I wasn't moving. I couldn't. Being face down with a knee in my back and handcuffs meant I could do little more than converse with the ants, one of which was running towards my face. Its haphazard path, winding past bumps on the ground I couldn't see. Did it think I was a gigantic sweet it could hike up onto its back to carry me back to its nest?

"Hey, Queenie!" it would say. "Look what I've brought you!"

And it would be rewarded, maybe get a plush suite-with-a-view in the up-market end of the nest. And the ants would dine on me till their great-great-great-grandkiddies were old and I was just an untidy mass of nibbled bones.

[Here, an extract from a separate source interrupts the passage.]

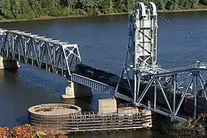 Built as a swing span, the bridge was converted in 1994 to a vertical lift bridge to increase the width of the navigational channel. The vertical lift span was taken from a bridge over the Tennessee River at Florence, Alabama. To minimize the effect on river traffic, the new span was installed over the course of three days.
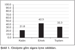 T?m d?nyada oldu?u gibi ?lkemizde de sigara i?me s?kl??? erkeklerde kad?nlara g?re daha y?ksek bulunmu?tur (6,7,8,9,10,11,12,13,14,15). Amerika Birle?ik Devletleri (ABD)'nde 1999 sa?l?k taramas? sonu?lar?na g?re eri?kinlerde toplam sigara i?me s?kl??? %23.5, erkeklerde %25.7, kad?nlarda %21.5 olarak tespit edilmi?tir (12). Orta ve Do?u Avrupa ?lkelerinin bir ?o?unda erkeklerin %50'si, kad?nlar?n %30'u sigara i?mektedir (13). T?rkiye'de erkeklerdeki en y?ksek ve en d???k sigara prevalans verileri Bilir ve arkada?lar?n?n yapt??? farkl? meslek gruplar?nda sigara i?me s?kl?klar?n? de?erlendiren ?al??mada ?of?rlerde %74.3, imam ve m?ezzinlerde %25.1 olarak g?sterilmi?tir (14). ?al??mam?zda da erkeklerde sigara i?me s?kl??? %42.5 olup, kad?nlara g?re (%21.8) anlaml? olarak y?ksek bulunmu?tur (p< 0.05).

I was pulled, forcibly, to my feet, a whirlwind of faces making me giddy as I tried to steady myself. A hand in my back pushed me forwards. The crowd separated to let us through - the policeman a Moses amongst men without even realising. Probably, though, it was me that made the people part. Their vulturistic tendencies couldn't bring themselves to be too far away from this blood covered monster, but they were wary enough to not come too close.

I might bite.

"Come on," the officer said. "You're coming with me. We need to find out where all that blood came from and what happened to the other guy!"

My voice still seemed intent on hiding at the back of my throat, worried it, too, might be cuffed and dragged off to the station.

A woman squeezed through the sea of stares and stood in front of us, holding up her hands.

"Wait," she said. "You've got it wrong!"

"I'd move, lady," the officer ordered. He hadn't even taken the time to ask my name or find out what happened. The blood had been enough to convince him he needed to lock me up first, then find out all those boring details.

The woman stood her ground, her arms outstretched, palms forward. She wanted us to stop.

"Stop!" she insisted.

Told you so.

The officer, a man slightly above my height and weight, bulked up by his thick body armour vest and a utility belt which made him look like a Smart Price Batman, stopped. I was impressed by the woman. I imagined she would have made a great job in a female only version of Hitchhikers' Guide to the Galaxy, playing Amelia Dent (rather than Arthur) and laying down in front of the oncoming bulldozers while the Vogon Construction Fleet prepared themselves up in space.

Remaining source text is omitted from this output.